Thursday 23 November 2017

Beams and Motes: The problem of repeated failure to live by our basic assumptions

By Domenico Fetti

I was reflecting on Owen Barfield's shorthand term of RUP, meaning Residual Unresolved Positivism, by which he pointed out that those who accurately diagnose the spiritual malaise of modernity nonetheless continue to live-by positivistic, materialistic, reductionist, scientistic assumptions - and this comes-through again and again in the person's thinking, writing and actions.

One example Barfield gave was Jung, who said and wrote many contradictory things - Barfield diagnosed the root of this problem as partly the persistence of many positivistic features of which Jung seemed unaware; plus Jung's compromising wish to communicate-with and be-valued-by a positivistic world.

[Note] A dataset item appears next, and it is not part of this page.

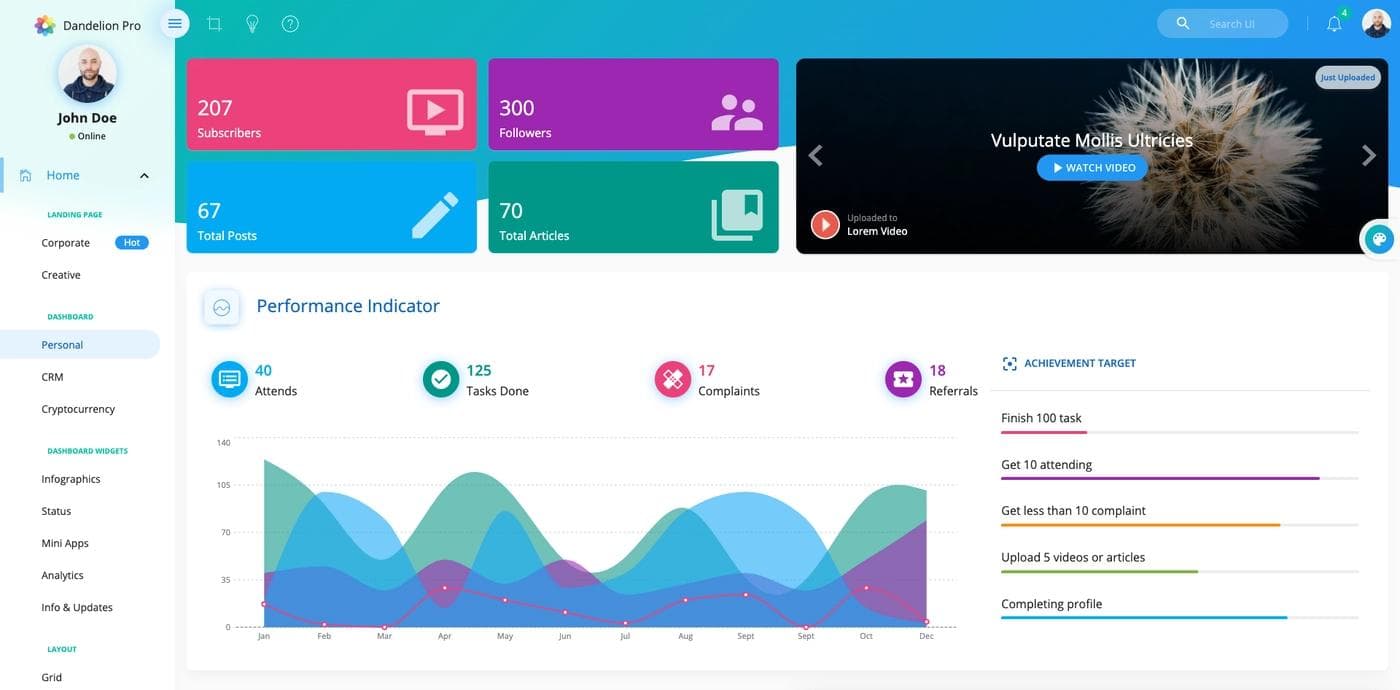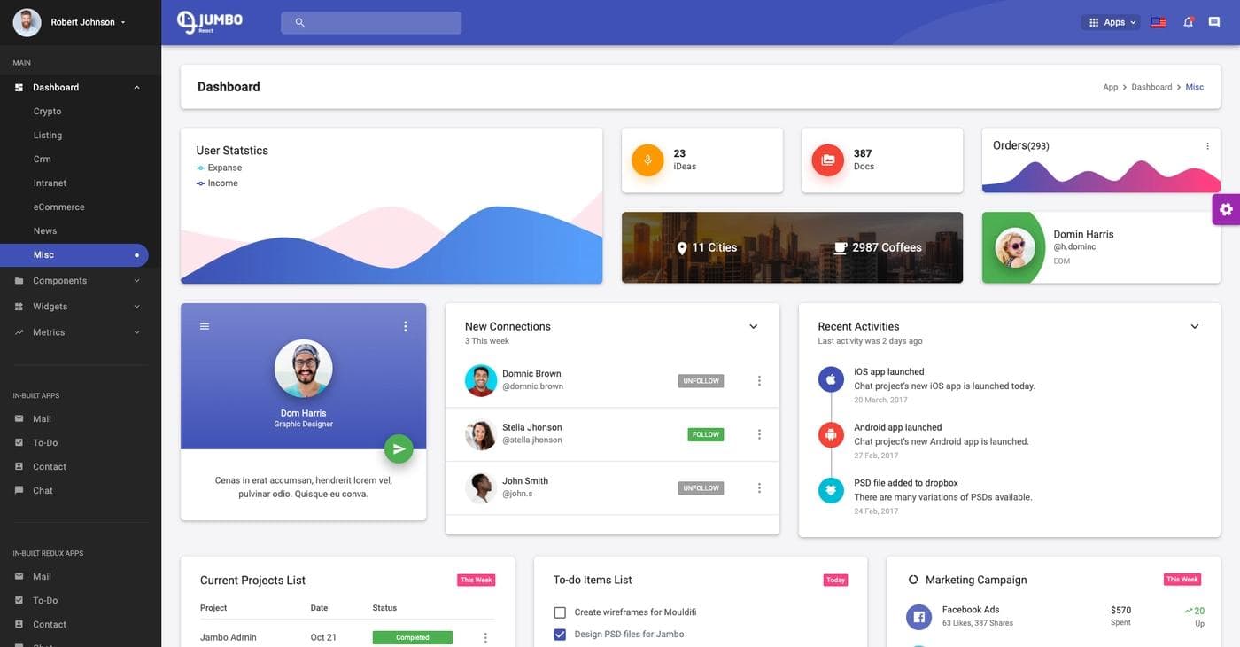 While every React admin template in this list has a good number of reusable UI components to choose from, Jumbo has the most extensive list. With more than 450 UI components (including carousels, popovers, progress bars, subscription bars, and user statistics), this template makes it easy to customize your admin dashboard with very little custom code.

We need to be aware of such matters - because the thinking, writing and doing of most writers and philosophers of the modern condition is likewise compromised - and we need to avoid being misled by this. To avoid absorbing their confusion and errors, we need to distinguish the points where other-people are failing to live consistently by their most considered assumptions.

In a nutshell - with RUP there is a significant gap between the metaphysical assumptions we wish to hold; and the metaphysical assumptions that we have unconsciously absorbed from socialisation and propaganda. Our new and improved metaphysics may simply be an aspiration; our true belief (that which we live by )   

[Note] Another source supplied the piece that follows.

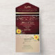 Célébrez le charme intemporel de l'amour avec ce faire-part de mariage tout-en-un enchanteur, alliant chaleur rustique et élégance moderne. Conçu sur du papier bordeaux d'inspiration barne, il présente une dentelle dorée chatoyante et la douce lueur des lampes à cordes, créant une atmosphère cosy et sophistiquée. Des tournesols radiants apportent une touche symbolique joyeuse, tandis qu'une photo personnalisée du couple sur le dos le rend profondément personnel et mémorable. Les détails de votre mariage et l'information RSVP sont magnifiquement intégrés dans une mise en page simple et pratique, idéale pour les mariages d'automne ou de style rustique. Remarque : Cette invitation tout-en-un nécessite une enveloppe distincte pour l'envoi. Nous vous recommandons de l'apparier avec une enveloppe A9 standard (5,75 po x 8,75 po) pour un meilleur ajustement.
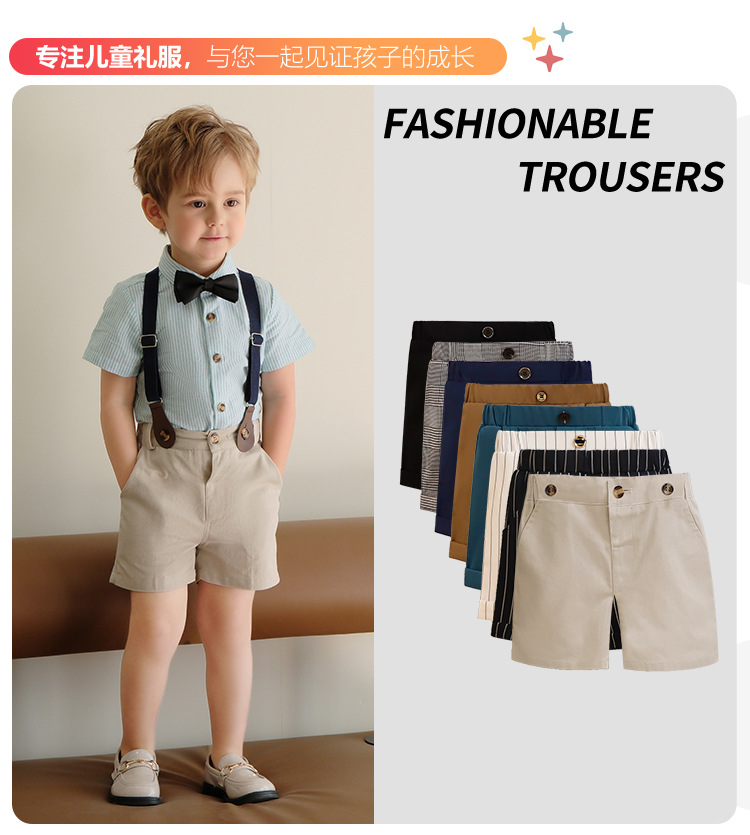 어린이 반바지 여름 세트 바지 소년 캐주얼 어린이 바지 턱받이 바지 초등 및 중등 학생 공연 학교 바지스토어 가기

However, the mote in the eye of another is easier for us to acknowledge than the beam in our own eye; and all of us who are trying to move beyond alienation and materialism into Final Participation are only-partially successful (at best). Most of our thinking is not primary, but automatic; and our alienation is often relieved (temporarily) merely by lapsing into the passivity and unconsciousness of Original Participation rather than actively, consciously, thinkingly moving-forward.

The answer is not to aspire to eliminate 'positivism' - because that is not possible - but to learn from the RUP problems of others to diagnose, to notice and acknowledge, our own inevitable, frequent deficiencies.

In other words - we should probably not be aiming to attain perfection of Final Participation as a powerful and permanent state - since this is (at present, for us) impossible; as to recognise and repent our own failures to do this.

This is, indeed, the core Christian response to our own weakness and corruptibility.

A Man's mortal life is trial, error and repentance - with repentance the worst sins are washed away, without repentance the slightest lapse or deficiency may be enough to damn us by a pride-full insistence that we have not erred: thereby such error becomes built-into our self-understanding. 


2 comments:

Chiu ChunLing said...

Gotta point out this mote here, "Our new and improved metaphysics may simply be an aspiration; our true belief (that which we live by )"...is that which we expressly condemn (is what I guess it's supposed to say).

My problem is not so much that I find it easier to see other's motes than my own beams but that nobody wants to hear about my beams. Not people trying to be good, and especially not people trying to pretend goodness while actually being bad.

The only people who have any real patience for hearing about my beams are people who are so perfect in wickedness that it wraps around and becomes justice in God's sight. That's a very narrow audience. It always makes a clerical confession peculiarly funny if I don't reign it in and cast my sins in a less theologically challenging perspective. I try to pull back at the "I'm not sure I want to understand what this guy is confessing" stage, but sometimes I take them to the point of "I'm sure there was something I was desperate not to understand, but since I now don't understand anything I can't remember what it was."

I'll admit that I'm a bad enough person to find both kinda funny, the first more in a bitter vein.

Bruce Charlton said...

@CCL - It is probably psychologically harder to acknowledge the beams that other people point-out than the ones we choose to confess.